Pixnapping, a cyber attack that can steal two-factor authentication codes from Android devices in under 30 seconds

Pixnapping , a new cyber attack that allows malicious Android apps to secretly leak information displayed in other Android apps or on any website, was reported by researchers at the University of California, the University of Washington, and Carnegie Mellon University.

Pixnapping Attack

https://www.pixnapping.com/

Hackers can steal 2FA codes and private messages from Android phones - Ars Technica
https://arstechnica.com/security/2025/10/no-fix-yet-for-attack-that-lets-hackers-pluck-2fa-codes-from-android-phones/

Pixnapping is a cyberattack that exploits Android APIs and hardware side-channel attacks that affect nearly all modern Android devices. By exploiting Google and Samsung smartphones, Pixnapping can recover sensitive data end-to-end from websites like Gmail and Google Accounts, and apps like Signal, Google Authenticator , Venmo, and Google Maps. Specifically, Pixnapping can steal two-factor authentication (2FA) codes from Google Authenticator, a two-factor authentication app developed by Google, in under 30 seconds while remaining concealed.

Google Authenticator updates its two-factor authentication code every 30 seconds. Pixnapping launches Google Authenticator and records the two-factor authentication code pixel by pixel, then uses optical character recognition (OCR) to recognize it. The developers explain that 'conceptually, it's like taking a screenshot of screen content that a malicious app shouldn't have access to.'

Pixnapping apparently works by forcing pixels into the rendering pipeline and overlaying a semi-transparent activity on top of those pixels via an Android intent.

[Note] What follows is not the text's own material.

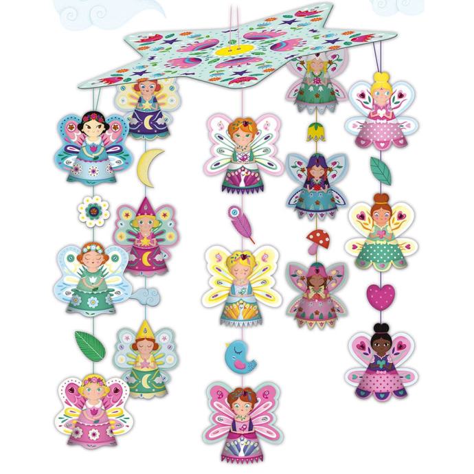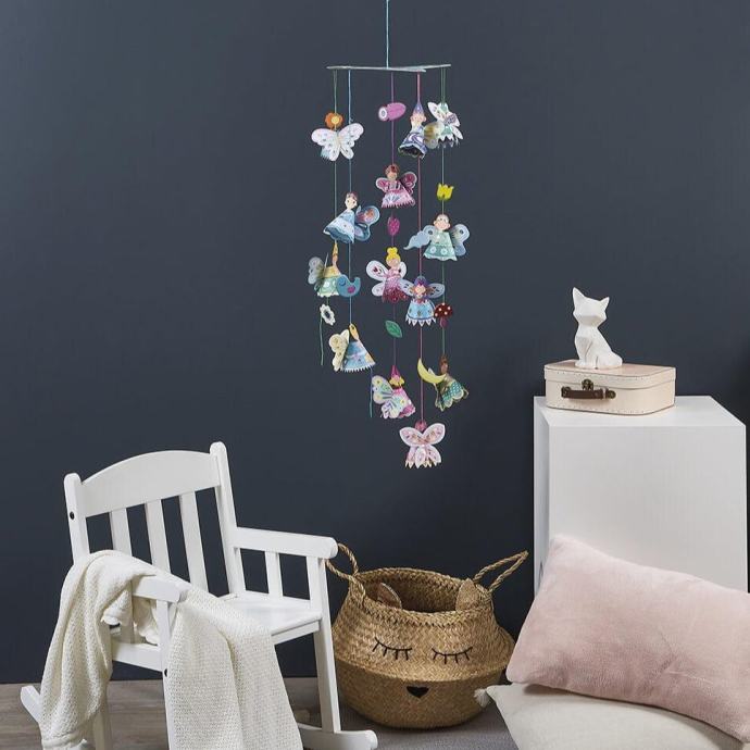 Vile se pripravljajo na pravi balet v zraku! Ta lep pravljičen mobile lahko otroci naredijo kar sami s kompletom prekrasnih dodatkov. Najprej sestavite 15 papirnatih vil in jih obesite na zvezdo. Nato vile okrasite z bleščečimi kamenčki, da se bodo zablestele! Mobilne je dimenzije: 100 cm v višino.

To direct graphics operations to those pixels, the instantiation uses Android's window blur API . Pixnapping also relies on a GPU.zip side channel to leak the pixels.

Pixnapping is tracked in

https://nvd.nist.gov/vuln/detail/CVE-2025-48561

The research team demonstrated a proof-of-concept for Pixnapping on Pixel 6, Pixel 7, Pixel 8, Pixel 9, and Galaxy S25 devices running Android 13-16. However, it has not been confirmed whether other Android devices are affected by Pixnapping. However, the developers point out that the core mechanism that enables the attack 'is present in all Android devices.'

Pixnapping can carry out this attack even without permission (no permissions specified in the manifest file). Everything you see when you open a target app can be stolen by a malicious app using Pixnapping, so chat messages, two-factor authentication codes, emails, etc. are all vulnerable. This means that information hidden from the app (such as a private key that is stored but not displayed on the screen) is safe from Pixnapping.

The developers say they are 'unclear' about the possibility of Pixnapping being exploited in real life, and recommend that Android users 'install the patch as soon as it becomes available.' Google is attempting to limit Pixnapping's functionality by limiting the number of activities that the window blur API can perform. However, the developers have discovered a bypass method that allows Pixnapping to work even when restrictions are imposed on the window blur API.

For Android app developers, the company said, 'We are not currently aware of any mitigation measures to protect apps from Pixnapping. If you have knowledge of any mitigation measures, please let us know.'

The research paper on Pixnapping will be presented at ACM CCS 2025, which will be held in Taiwan from October 13, 2025.